Amazon.com Review
In
Bittersweet, Alice Medrich continues her mouthwatering crusade to educate chocoholics everywhere about her passion. With 30 years experience, first at her famous Berkeley bakery, Cocolat, and then as an award-winning cookbook author, there is little Medrich doesn't know about chocolate. And what sets this book apart from all others is her willingness to share what's she's learned.

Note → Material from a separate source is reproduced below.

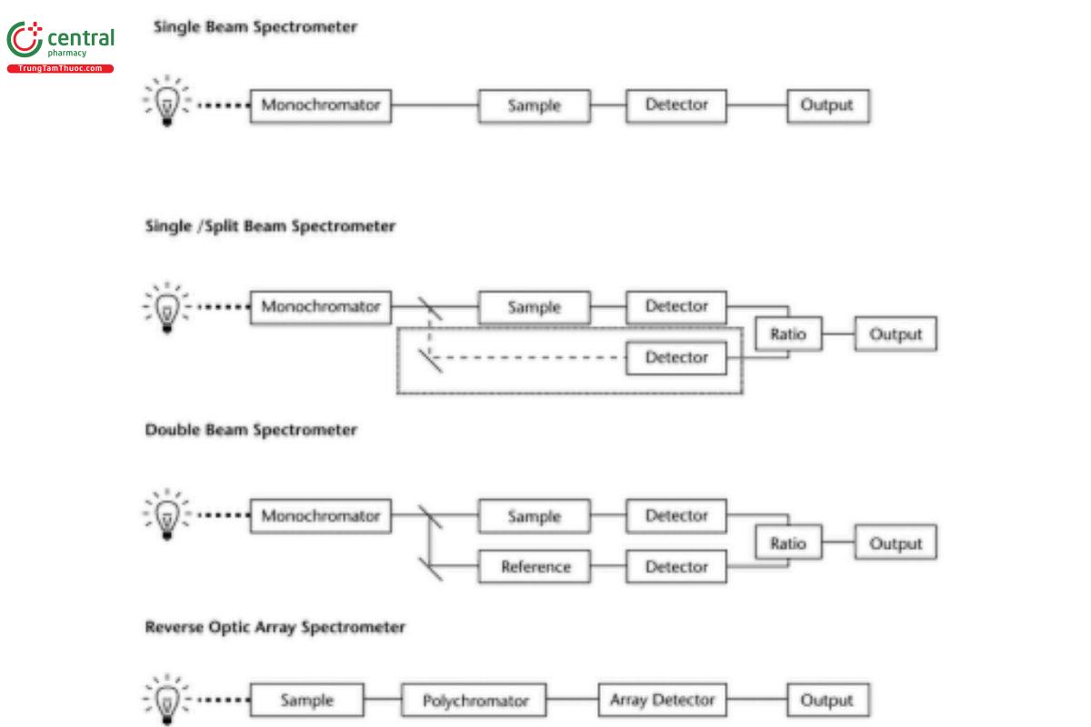 All modern UV-Vis measurements involve detecting and measuring the intensity ratio of the radiation at a certain wavelength in the presence or absence of the absorbing sample (transmitted radiation and incident radiation). Figure 1shows schematics of four typically encountered optical designs: single-beam, single split-beam (where the reference detector is located within the internal optics of the system), double-beam, and reverse optic array spectrometers. Dispersion of light to achieve the desired resolution can occur before (as in the first three configurations) or after introduction of the sample, but all commercial UV-Vis instruments share the following features to perform these functions:

As the American palate has changed, and we've learned to appreciate better quality chocolate, more and more of it is has become available to us. These premium chocolates come labeled with their percentage of cocoa solids. This delectable book is made practically foolproof thanks to the "chocolate notes" that follow any recipe where the percentage would affect the outcome. In them, Medrich provides equivalencies which allow you to use your favorite chocolate, and tweak the recipe to make it work. She's brutally honest, too, so when she says you can't mess up the rich and magnificent Queen of Sheba cake, or the Cold Creamy Truffles that started her love affair with chocolate, believe her. And when she warns that there are possible pitfalls for novices when attempting Extra Bittersweet Ganache Truffles, read carefully. The vast majority of her recipes, mostly sweet, some savory, are quite simple; her instructions are painstaking and reassuring; and the tales with which she introduces each chapter are enchanting. So dive into Warm Bittersweet Mousse, White Chocolate Ice Cream, Raspberry-Laced Chocolate Cake, or Chocolate-Flecked Cocoa Soufflés, because doing the dirty work has never been so delicious! --Leora Y. Bloom
From Publishers Weekly
Medrich founded the dessert shop Cocolat in Berkeley in 1976 and authored Cocolat and Chocolate and the Art of Low-Fat Desserts, which offered new, more "adult" flavors than the super-sweet tastes in vogue until that time. Today, as Medrich points out in an interestingly market-savvy introduction, the popularity of high-quality brands of chocolate is on the rise, and each of these recipes includes notes about how to alter it using chocolates with a higher percentage of "chocolate liquor," or cocoa bean content. This all sounds highly cerebral, but once Medrich puts her theory into practice in the form of Macadamia Shortbread Brownies, and Grappa, Currants, and Pine Nut Torte, it becomes deliciously clear. Hers are highly inventive creations, grouped in chapters loosely defined more by feel than by strict adherence to categories, such as a group of fluffy confections that includes Intensely Bittersweet Souffles and Melting Chocolate Meringue. Medrich provides a recipe for her signature Queen of Sheba torte, along with detailed notes about how it has evolved over the years. She even uses chocolate in a handful of savory recipes, such as Roasted Squash Soup with Cocoa Bean Cream. Clearly, this author's curiosity is her defining characteristic; her ability to convey the fruits of that curiosity is the readers' good fortune.